Please copy out the full listing that follows exactly; no picture belongs in the copy.

--- Material supplied ---

· · ·

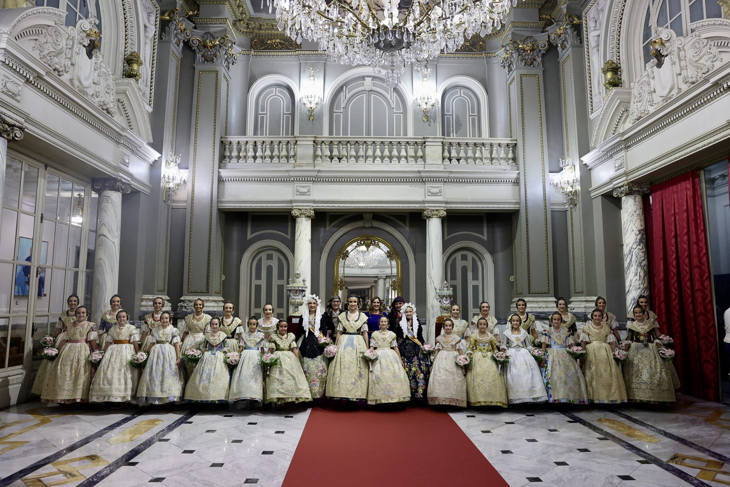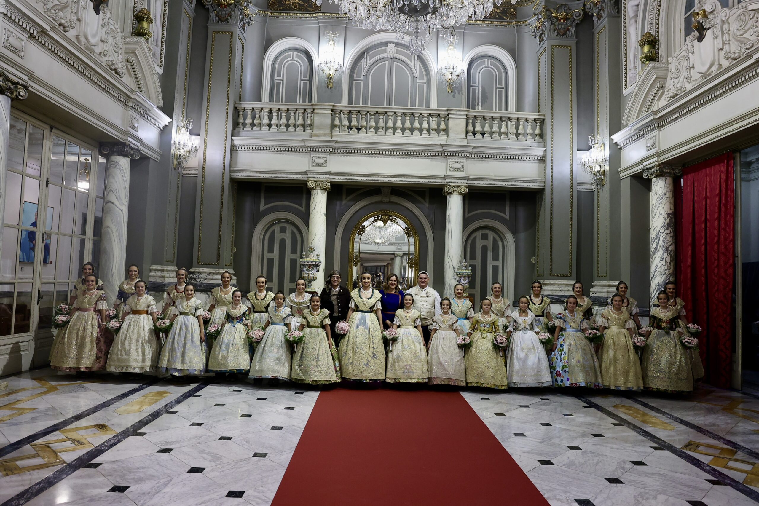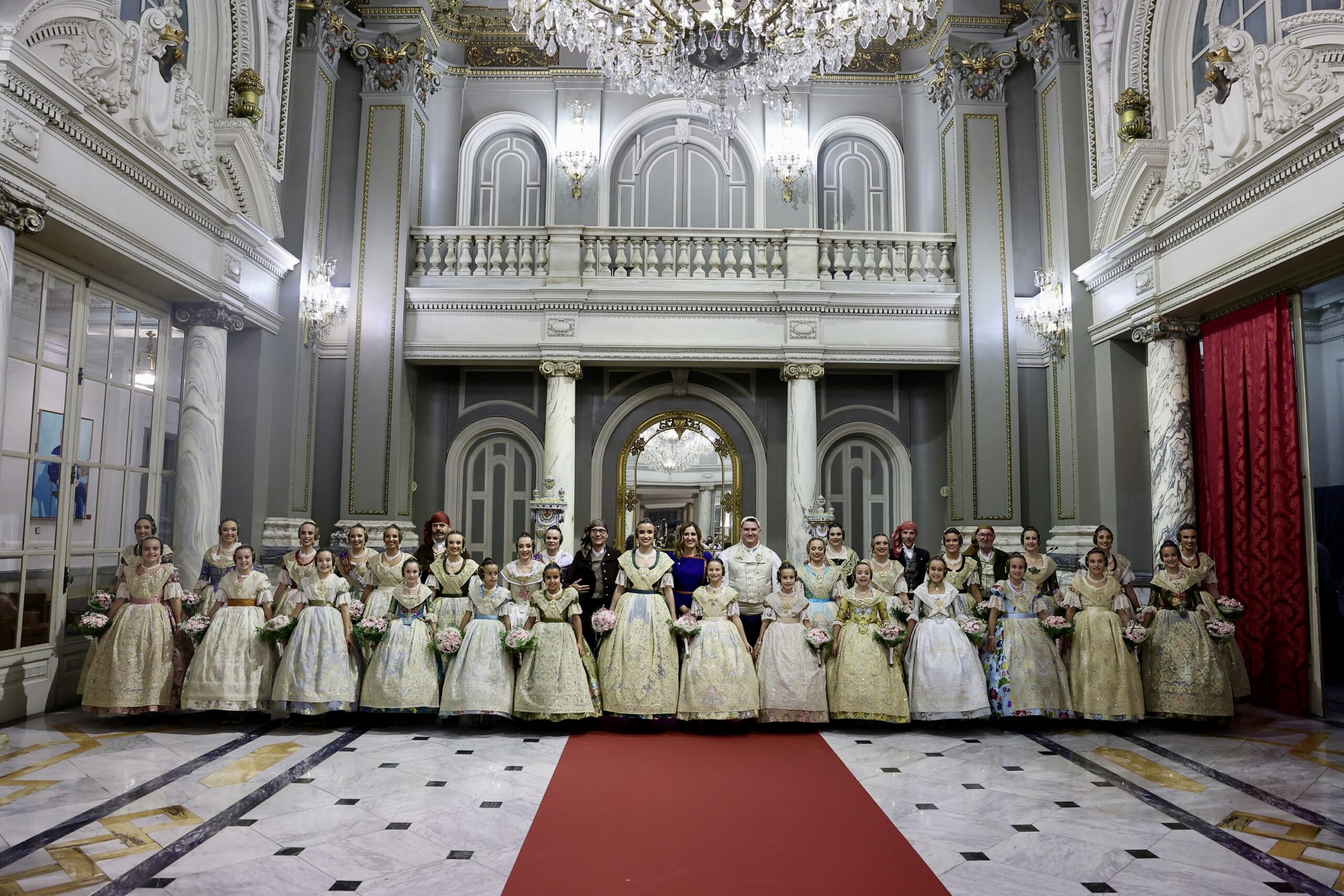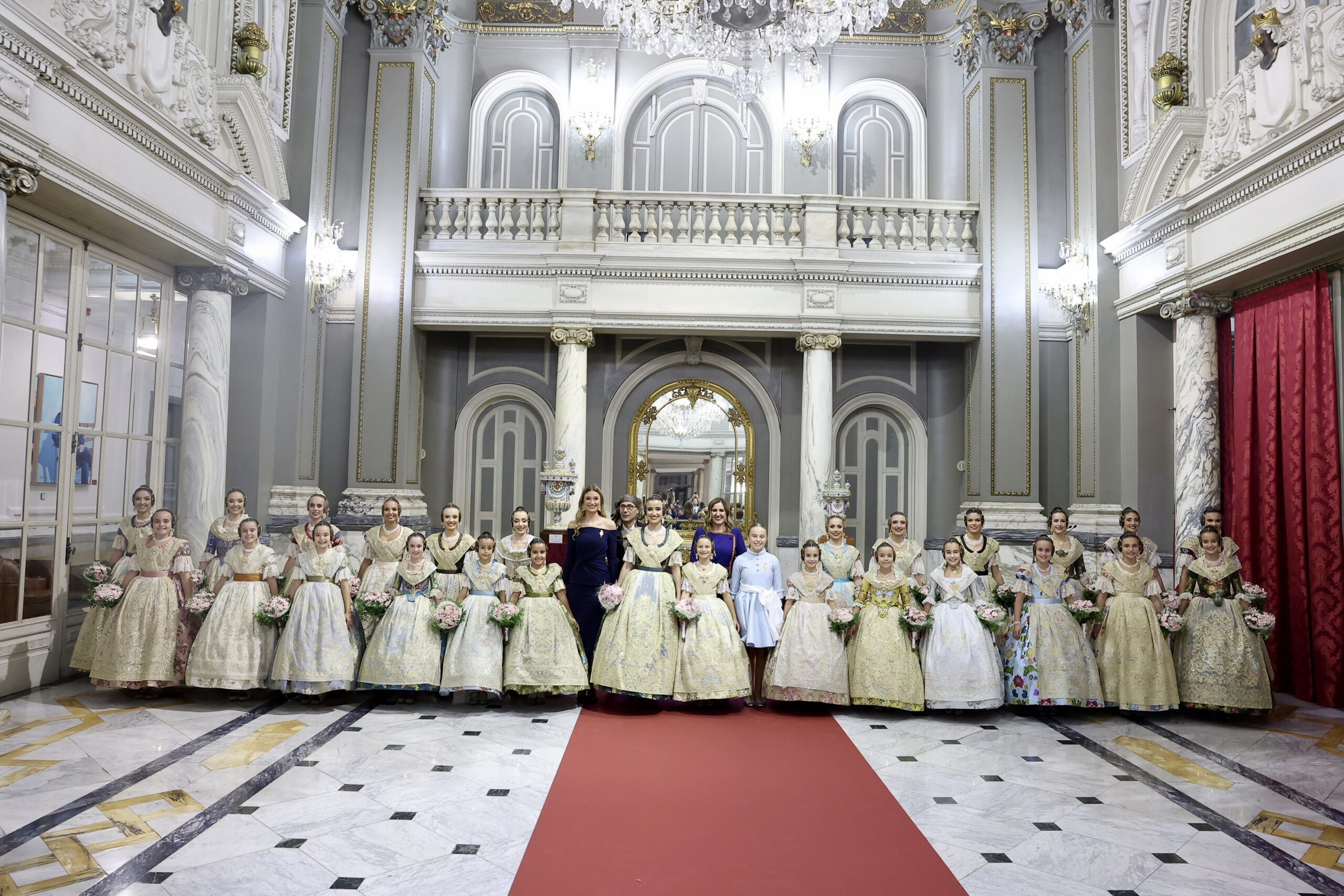 Després s’han realitzat les fotografies oficials de les Falleres Majors de València, Marta Mercader i Carmen Prades, al costat de les seues Corts d’Honor, amb les autoritats i resta de convidats presents.
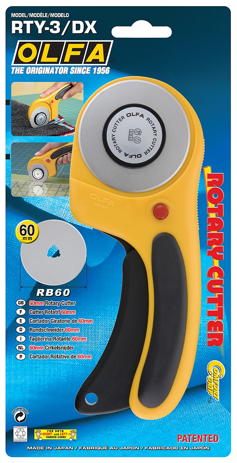 Эргономичный круговой нож OLFA RTY-3/DX может похвастаться высокой производительностью и безопасностью. Идеально подходит и для тонких, и для плотных тканей, включая флис, шерсть, кожу и т. д.
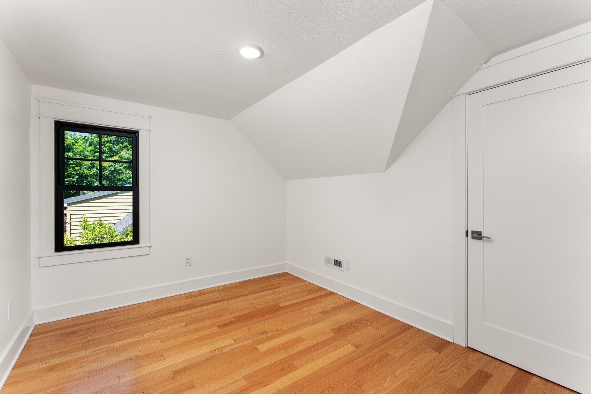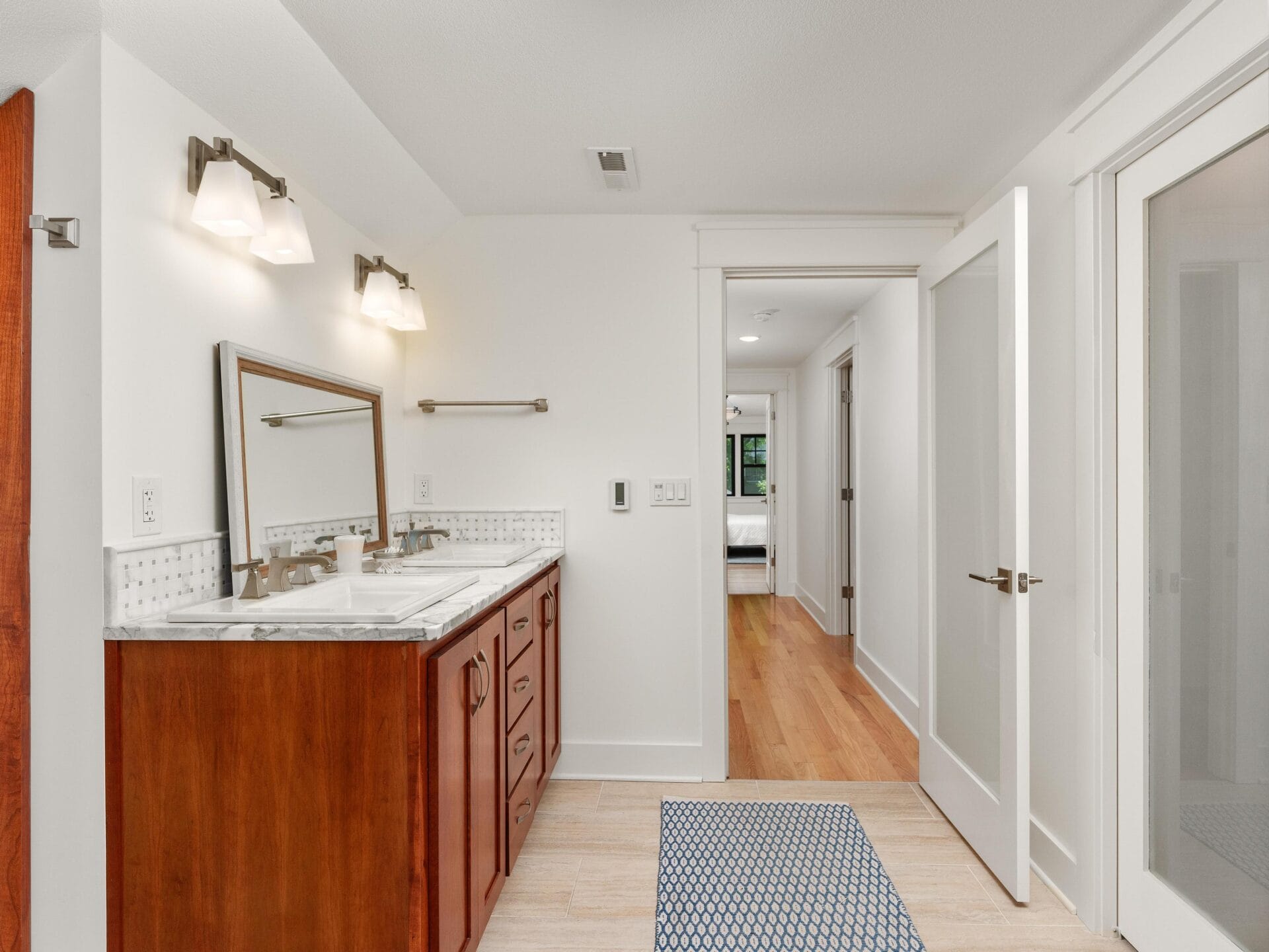 Moving upstairs beyond the 1100 plus square foot main level is almost 900 square feet of space that features three bedrooms and a second full bathroom. The bathroom boasts a soaking tub, double vanity and gorgeous surface treatments throughout. Like the main level, it has also been very thoughtfully planned out to include dual entrances from one of the adjacent bedrooms and the main hallway. Solid core doors, custom casing and oak hardwoods run throughout each room giving additional credit to the renovation. Clever details include multiple crawlspace access points which offer increased storage.
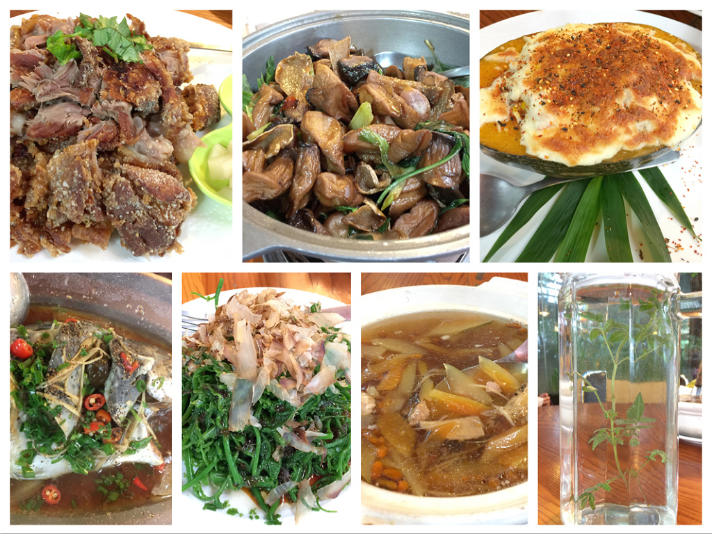 #92 我們家點的是6人合菜(德國豬腳佐醃蘿蔔、三杯杏鮑菇、焗烤海鮮南瓜、清蒸紫蘇梅魚、梅味山蕨、藥膳燉湯),隨餐都有的是農場自己種的芳香萬壽菊茶,看起來沒什麼顏色,其實味道很香,而且還有很明顯的百香果香氣,兩個小朋友一喝都大叫「百香果」!
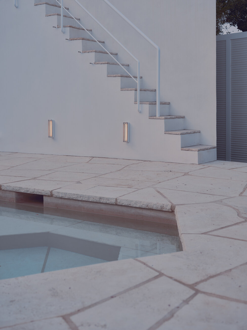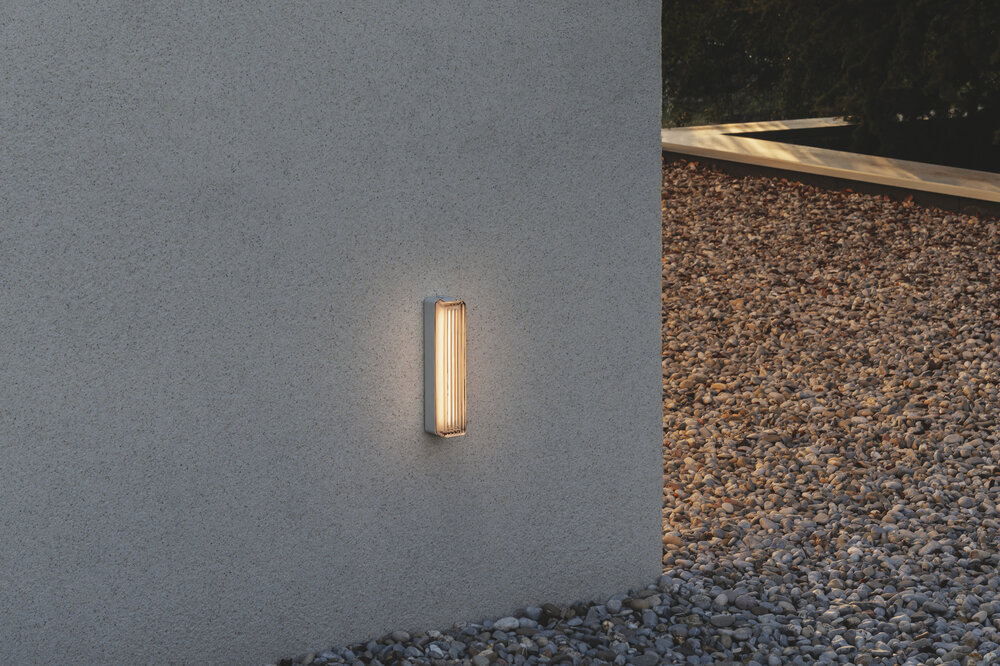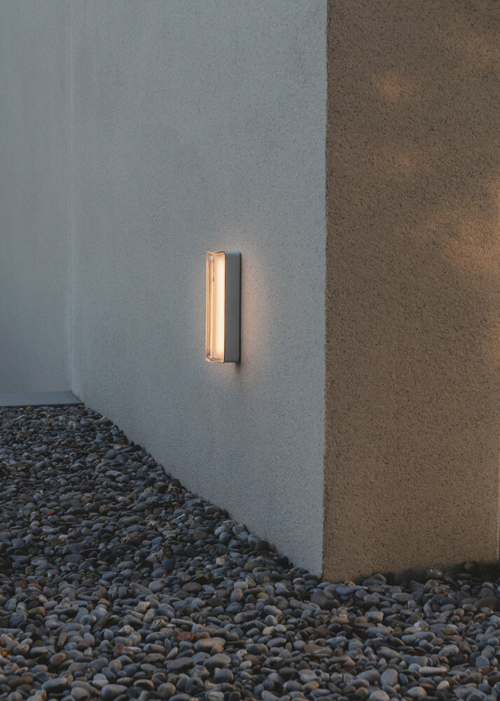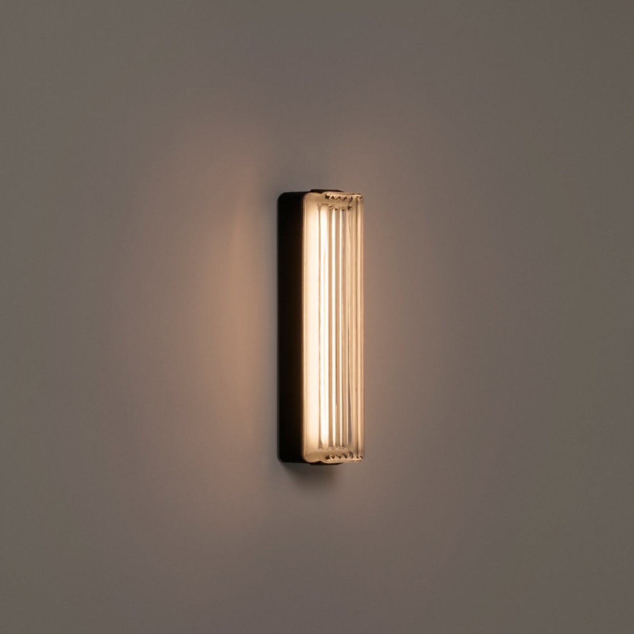 Настенный уличный светильник Santa and Cole Estadio Singular black. Текстурированная черная металлическая конструкция с рассеивателем стеклянного блока.

· · ·

--- Solution to this problem ---
 Després s’han realitzat les fotografies oficials de les Falleres Majors de València, Marta Mercader i Carmen Prades, al costat de les seues Corts d’Honor, amb les autoritats i resta de convidats presents.
 Эргономичный круговой нож OLFA RTY-3/DX может похвастаться высокой производительностью и безопасностью. Идеально подходит и для тонких, и для плотных тканей, включая флис, шерсть, кожу и т. д.
 Moving upstairs beyond the 1100 plus square foot main level is almost 900 square feet of space that features three bedrooms and a second full bathroom. The bathroom boasts a soaking tub, double vanity and gorgeous surface treatments throughout. Like the main level, it has also been very thoughtfully planned out to include dual entrances from one of the adjacent bedrooms and the main hallway. Solid core doors, custom casing and oak hardwoods run throughout each room giving additional credit to the renovation. Clever details include multiple crawlspace access points which offer increased storage.
 #92 我們家點的是6人合菜(德國豬腳佐醃蘿蔔、三杯杏鮑菇、焗烤海鮮南瓜、清蒸紫蘇梅魚、梅味山蕨、藥膳燉湯),隨餐都有的是農場自己種的芳香萬壽菊茶,看起來沒什麼顏色,其實味道很香,而且還有很明顯的百香果香氣,兩個小朋友一喝都大叫「百香果」!
 Настенный уличный светильник Santa and Cole Estadio Singular black. Текстурированная черная металлическая конструкция с рассеивателем стеклянного блока.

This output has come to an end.